• **What you need to do**:
Please reproduce exactly, and only, the line containing "Genialita AI mikrofonu" and every line after it to the end of the records below, leaving out all pictures.
┌─ Data extract
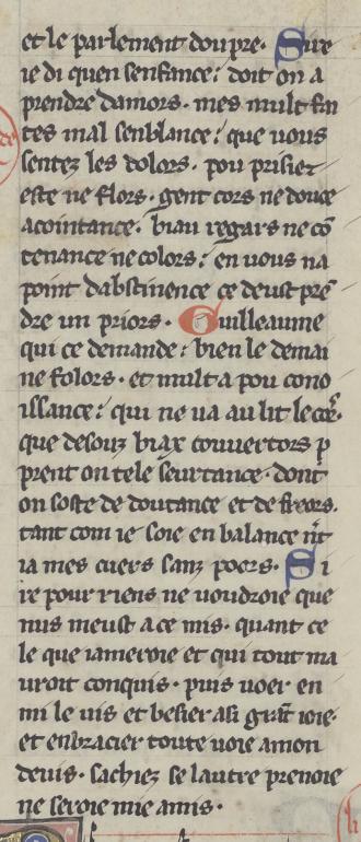 |  | et le parlement doupre. Sire ie di quen senfance; doit on a prendre damors. mes mult fai tes mal senblance; que uous sentez les dolors. pou prisiez este ne flors. gent cors ne douce acointance. biau regars ne co(n) tenance ne colors; en uous na point dabstinence ce deust pre(n) dre un priors. Guilleaume qui ce demande; bien le demai ne folors. et mult a pou cono issance; qui ne ua au lit le cor(s). que desouz biax couuertors [p] prent on tele seurtance. dont on soste de doutance et de freors. tant com ie soie en balance n(er)t ia mes cuers sanz poors. Si re pour riens ne uoudroie que nus meust ace mis. quant ce le que iameroie et qui tout ma uroit conquis. puis uoer en mi le uis et besier asi gra(n)t ioie. et enbracier toute uoie a mon deuis. sachiez se lautre prenoie ne seroie mie amis. |
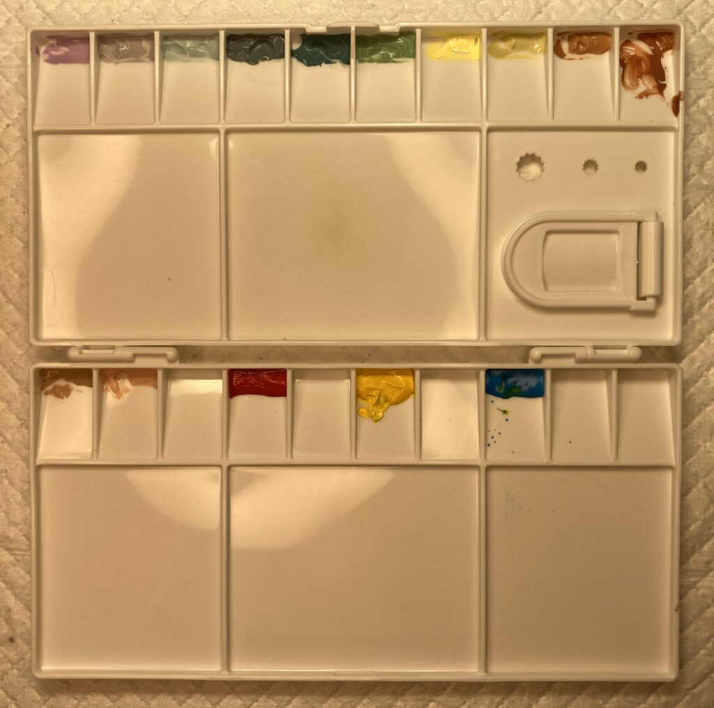 ただ、プラスチックは水気をはじきやすく、パレットの混色スペースで色を広げたときに、絵の具が一面に薄く広がらないのが少し不満でした。
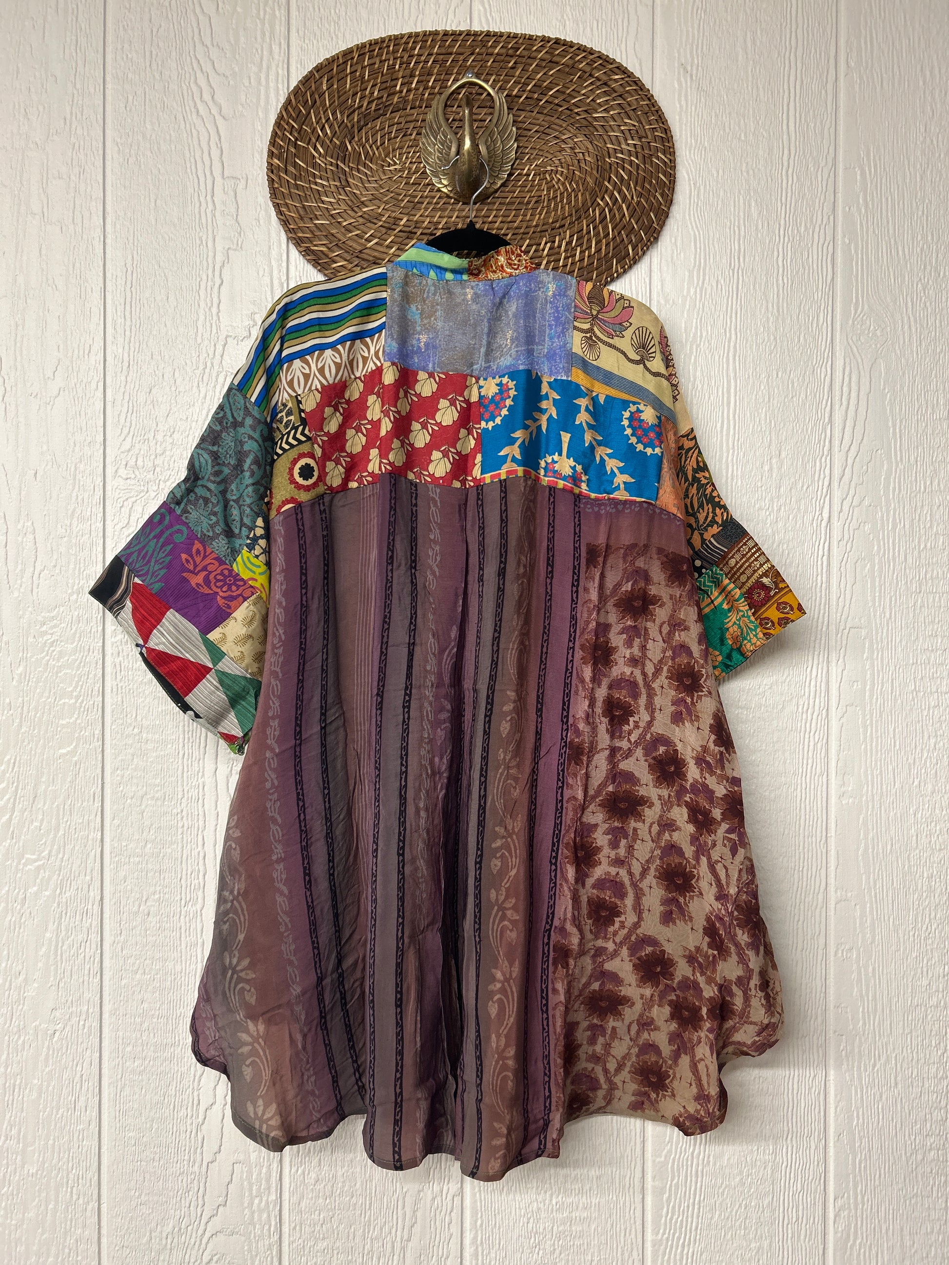 Made from hand-stitched patchwork vintage crepe sari, this billowy dream is fully lined in the front with cotton sari. Features a crepe panel in the back, functional buttons, two slouchy pockets in the front, and a curved bottom.
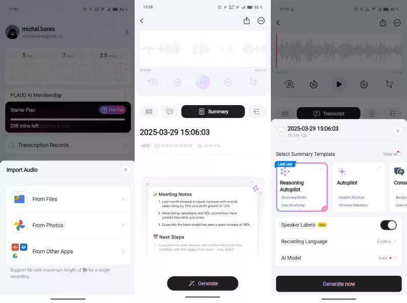 Genialita AI mikrofonu Plau NotePin se naplno projeví až v kombinaci se softwarem a AI funkcemi. Plaud chytře místo vývoje vlastních základních modelů integroval jazykové modely třetích stran, konkrétně GPT-4o a o3-mini od OpenAI spolu s Claude 3.5 Sonnet od Anthropic. Uživatelé si tak mohou vybrat, který z těchto modelů preferují pro přepis a sumarizaci, ale nám se nejvíce osvědčil automatický režim, který se adaptuje na daný obsah.
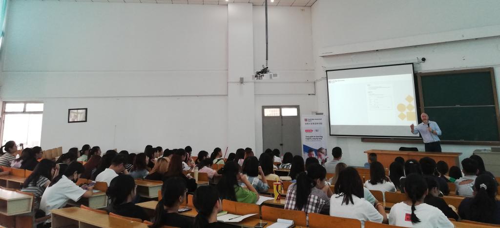 2019年9月19日下午,剑桥大学BEC全球主管Ian Cawley先生,在剑桥大学英语考评部华东负责人李明先生和东亚区测评服务经理毕诗惠女士的陪同下,莅临嘉兴学院作客伟德国际英国社会培训与服务中心,并应邀在外语楼310为嘉兴学院学生做了一场精彩的讲座。讲座由BEC嘉兴学院考点负责人黄洪老师主持,来自校内外的百余名考生和英语爱好者到场参加。
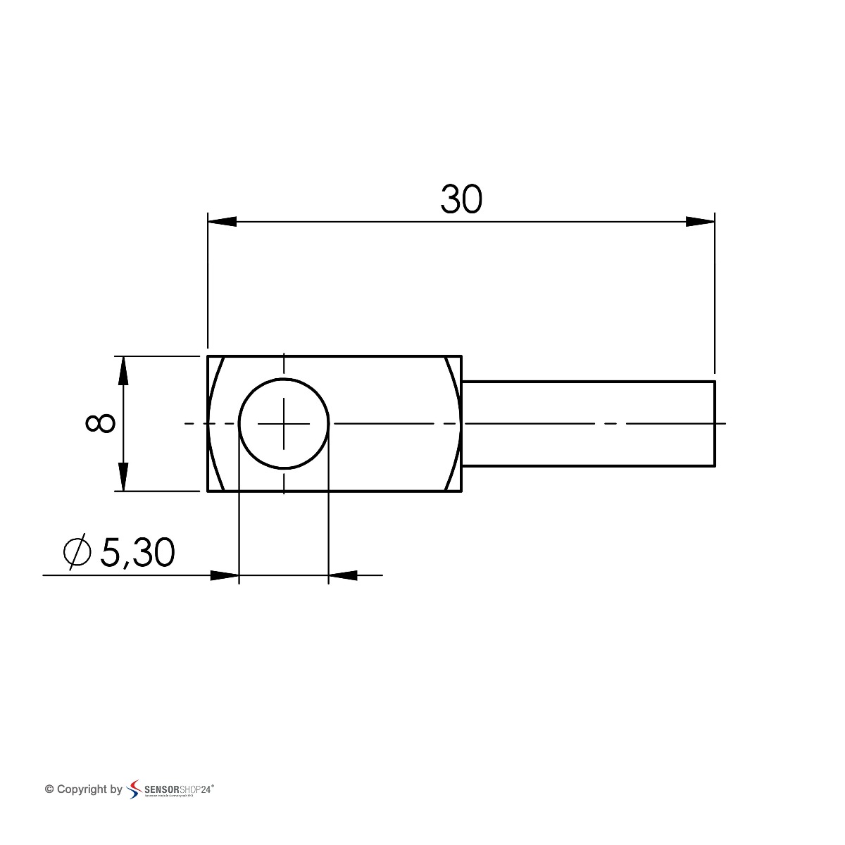 Zaštitna čaura Kvadratni kontaktni blok 8 x 8 x 15 mm, izbušena rupa Ø5.3mm VA
└─
• **Answer for this exercise**:
 Genialita AI mikrofonu Plau NotePin se naplno projeví až v kombinaci se softwarem a AI funkcemi. Plaud chytře místo vývoje vlastních základních modelů integroval jazykové modely třetích stran, konkrétně GPT-4o a o3-mini od OpenAI spolu s Claude 3.5 Sonnet od Anthropic. Uživatelé si tak mohou vybrat, který z těchto modelů preferují pro přepis a sumarizaci, ale nám se nejvíce osvědčil automatický režim, který se adaptuje na daný obsah.
 2019年9月19日下午,剑桥大学BEC全球主管Ian Cawley先生,在剑桥大学英语考评部华东负责人李明先生和东亚区测评服务经理毕诗惠女士的陪同下,莅临嘉兴学院作客伟德国际英国社会培训与服务中心,并应邀在外语楼310为嘉兴学院学生做了一场精彩的讲座。讲座由BEC嘉兴学院考点负责人黄洪老师主持,来自校内外的百余名考生和英语爱好者到场参加。
 Zaštitna čaura Kvadratni kontaktni blok 8 x 8 x 15 mm, izbušena rupa Ø5.3mm VA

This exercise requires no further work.